Luego fulminó un poco a Alberto con la mirada, sabiendo que Alberto lo había hecho a propósito.
Alberto, por su parte, sonrió aún más radiante mientras decía maliciosamente:
—También puedes compartir cama conmigo si quieres.
—Cambia mi nombre respecto a la inversión en Isla Nube —Cynthia cambió de tema.
La mirada de Alberto se volvió más profunda.
Hizo una pausa antes de mirar a Cynthia con una sonrisa:
—De acuerdo, es tarde.
Deberías descansar un poco ahora.
—Alberto, no cambies de tema.
No lo aceptaré.
—Cynthia, no tengo el documento ahora.
Incluso si quieres devolvérmelo, tenemos que esperar hasta mañana después de regresar a la empresa.
Tras pensarlo un momento, Cynthia lo miró.
—Está bien, iré contigo a la empresa mañana entonces.
Al día siguiente.
Alberto y Cynthia se dirigieron juntos al Grupo Gillespie.

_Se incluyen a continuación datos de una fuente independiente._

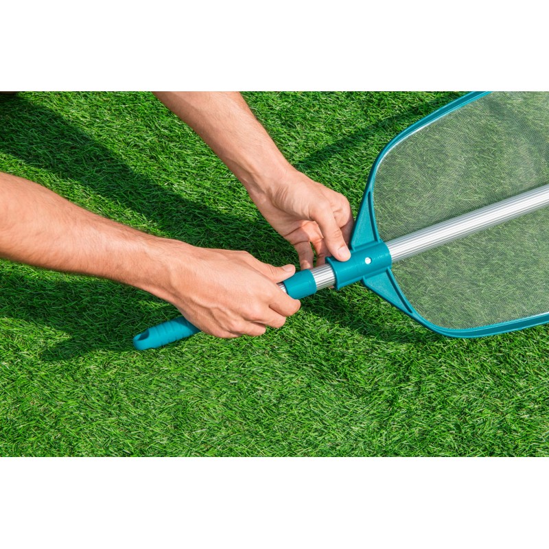 Táto sieťka Flowclear™ Skimmer AquaScoop bola špeciálne navrhnutá na optimalizované čistenie bazéna. Bazénová sieťka je dodávaná s výsuvnou teleskopickou tyčou, ktorá má dĺžku až 163 cm a je vyrobená z ľahkého a odolného hliníka. Teleskopickú tyč je možné ľahko zložiť spolu so sieťkou a uskladniť. Sieťka je odolná a bez námahy odstráni lístie, hmyz a ďalšie nečistoty z vášho bazéna. Vďaka optimálnemu tvaru ľahko vyčistíte aj rohy bazéna.

Jade llegó al Grupo Gillespie temprano en la mañana también.
Pero no subió.
En cambio, simplemente se sentó en el sofá del primer piso mientras esperaba a Alberto.
Pronto, vio a Alberto y Cynthia entrar al edificio juntos.
—Jade —Cynthia vio a Jade sentada en el sofá en cuanto entró al vestíbulo.
Jade sonrió levemente, se levantó y caminó hacia los dos.
—Sr.
Gillespie, ¡Cynthia!
¿Qué les hizo venir juntos?
Pero antes de que Alberto dijera algo, Jade soltó una risita y añadió:
—Está bien.
No necesitan explicar.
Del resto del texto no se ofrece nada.